Книга: Бронепароходы
Назад: 15
Дальше: 17

16

Иван Диодорович надеялся, что рейд в Усть-Речку будет последним. По ночам приплёсок уже замерзал заберегами, днём чёрная вода курилась паром. Суда флотилии друг за другом убывали в Пермь на зимовку: навигация 1918 года завершалась. В конце концов у пристани Осы остался один только буксир Нерехтина. Его и отправили с десантом Бубнова в деревню Усть-Речку.
Но в этот раз десанту не повезло: балтийцы угодили в засаду. «Чебаки» злобно стреляли из проулков, из овинов и амбаров, из мастерских воткинской верфи; за заборами, обезумев, захлёбывались лаем собаки; с каланчи жалил пулемёт. Военморы рассыпались по огородам и дворам и выбирались к берегу, кто как сумел. Растрёпанный Бубнов, потеряв бескозырку, прибежал на «Лёвшино» одним из первых и метался вдоль фальшборта, высматривая своих.
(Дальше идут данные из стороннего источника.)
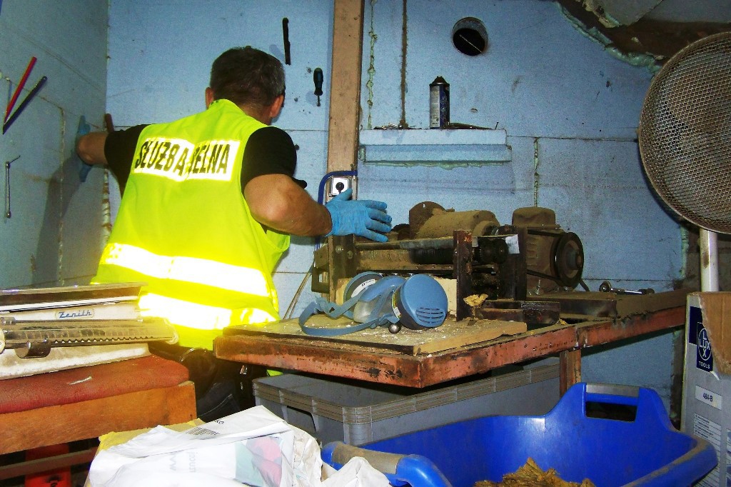 08.2015. Nowinka - likwidacja nielegalnej przetwórni tytoniu

— Лупи! — орал он пулемётчикам. — Лупи, не подпускай!..
Пулемётчиками на «Лёвшине» теперь были речники, обученные Сенькой Рябухиным: Егорка Минеев и Краснопёров дежурили возле «льюиса» на передней палубе, сам Сенька с Дудкиным — в правом барбете на мостике, Колупаев с Девяткиным — в левом барбете. Буксир хлестал очередями, отгоняя «чебаков» от пристани. Из деревни вырвалось меньше десятка военморов.
Понтоны пришлось бросить у пирса — не до них. Иван Диодорыч выводил пароход на стрежень. Пули «чебаков» впустую щёлкали по броне надстройки. Сочувствия к балтийцам Иван Диодорыч не испытывал. На Каму балтийцы несли одно только насилие — власть комиссаров, реквизиции и казни.
Военморы по-хозяйски заняли мостик, они ещё не остыли после боя в деревне и бегства. Бубнов, кипя от ярости, ввалился в рубку.
— Не туда, Ванька! — рявкнул он, тяжело дыша. — Вниз по течению идём! Будем мстить этим сукам! Расхерачим ихний мост у Галёвой!..
За штурвалом стоял Федя Панафидин.
— Там же пароходы воткинцев, — напомнил Иван Диодорыч.
— Нету там пароходов! Они на зимовку в Сайгатку свинтили!
От Усть-Речкинской верфи до пристани Галёво было всего-то вёрст пять, и через два поворота Иван Диодорыч наконец увидел мост. Поперёк реки в ряд выстроились баржи, и поверху по ним был проложен настил. Иван Диодорыч взял бинокль. Под каторжно-серым небом ноября по мосту катил поток беженцев: лошади, телеги, мужики в чуйках, бабы в платках, старики, дети. Изредка мелькали солдатские шинели и офицерские фуражки, рясы монахов и тужурки служащих. Это были обычные люди, уходившие от большевиков. — Ломай буксиром переправу! — мстительно приказал Бубнов.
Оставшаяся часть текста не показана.